American composer and educator (1899–1984)

Ira Randall Thompson (April 21, 1899 – July 9, 1984) was an American composer, particularly noted for his choral works, and educator.

==Career==
Thompson attended The Lawrenceville School, where his father was an English teacher. He then attended Harvard University, studying under A.T. Davison, Edward Burlingame Hill, and Walter Spalding; in New York he studied privately with composer Ernest Bloch.

He later became an assistant professor of music and choir director at Wellesley College, and received a doctorate in music from the University of Rochester's Eastman School of Music. He went on to teach at the Curtis Institute of Music (serving as its Director 1941/1942), at the University of Virginia, and at Harvard University. He is particularly noted for his choral works. He was an honorary member of the Rho Tau chapter of Phi Mu Alpha Sinfonia fraternity at Appalachian State University.

Thompson composed three symphonies and numerous vocal works including Americana, The Testament of Freedom, Frostiana, and The Peaceable Kingdom, inspired by Edward Hicks's painting.
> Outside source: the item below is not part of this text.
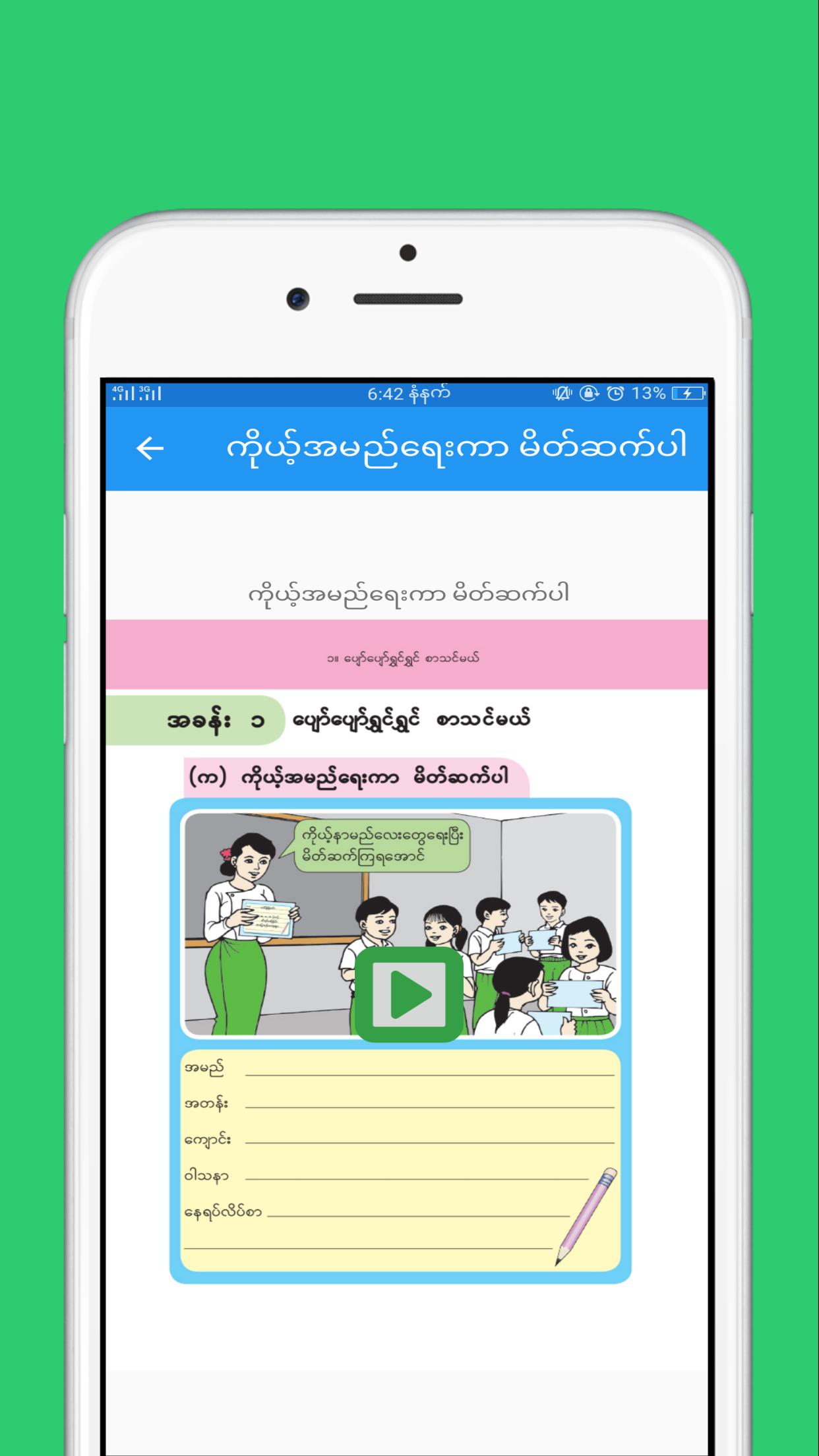 မြန်မာသံ ပီပီသသ အသံကို ကြားသိနိုင်ရန် ရည်ရွယ်ပါသည်။ ပညာရေးဝန်ကြီးဌာန၊ မြန်မာနိုင်ငံတိုင်းရင်းသားဘာသာစကား ဦးစီးဌာနက ဆောင်ရွက်ထားသော သင်ကြားရေး အထောက်အကူပြု Application ဖြစ်ပါသည်။
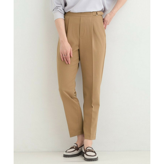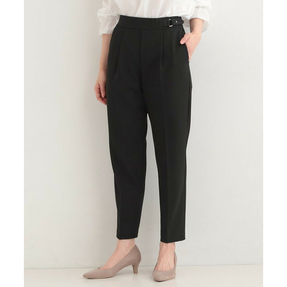 ウエストのダブルベルトデザインがポイントのテーパードパンツ。

His most popular and recognizable choral work is his anthem, Alleluia, commissioned by Serge Koussevitzky for the opening of the Berkshire Music Center at Tanglewood. He also wrote the operas Solomon and Balkis and The Nativity According to St. Luke.

Americana, a song cycle, is written in a 20th-century musical art style known as "News Items"—compositions that parody newspaper layout and content, or whose lyrics are lifted from media of the day. The lyrics are lifted from the "Americana" section of H. L. Mencken's American Mercury magazine, which would reprint quotes and stories from U.S. publications. The song cycle's texts come from such publications as the Seattle, Washington, Post-Intelligencer, the Little Rock, Arkansas, Gazette, and a leaflet issued by the National Women's Christian Temperance Union.

Leonard Bernstein was one of Thompson's students both at Harvard and at Curtis, according to his own testimony in a speech he gave at Curtis Institute's 75th Anniversary Banquet. Thompson's other notable students include Samuel Adler, Leo Kraft, Juan Orrego-Salas, John Davison, Thomas Beveridge, Charles Edward Hamm, George Lynn, William P. Perry, Christopher King, Joel Cohen, Frederic Rzewski, Richard Edward Wilson, John Walter Hill, and David Borden.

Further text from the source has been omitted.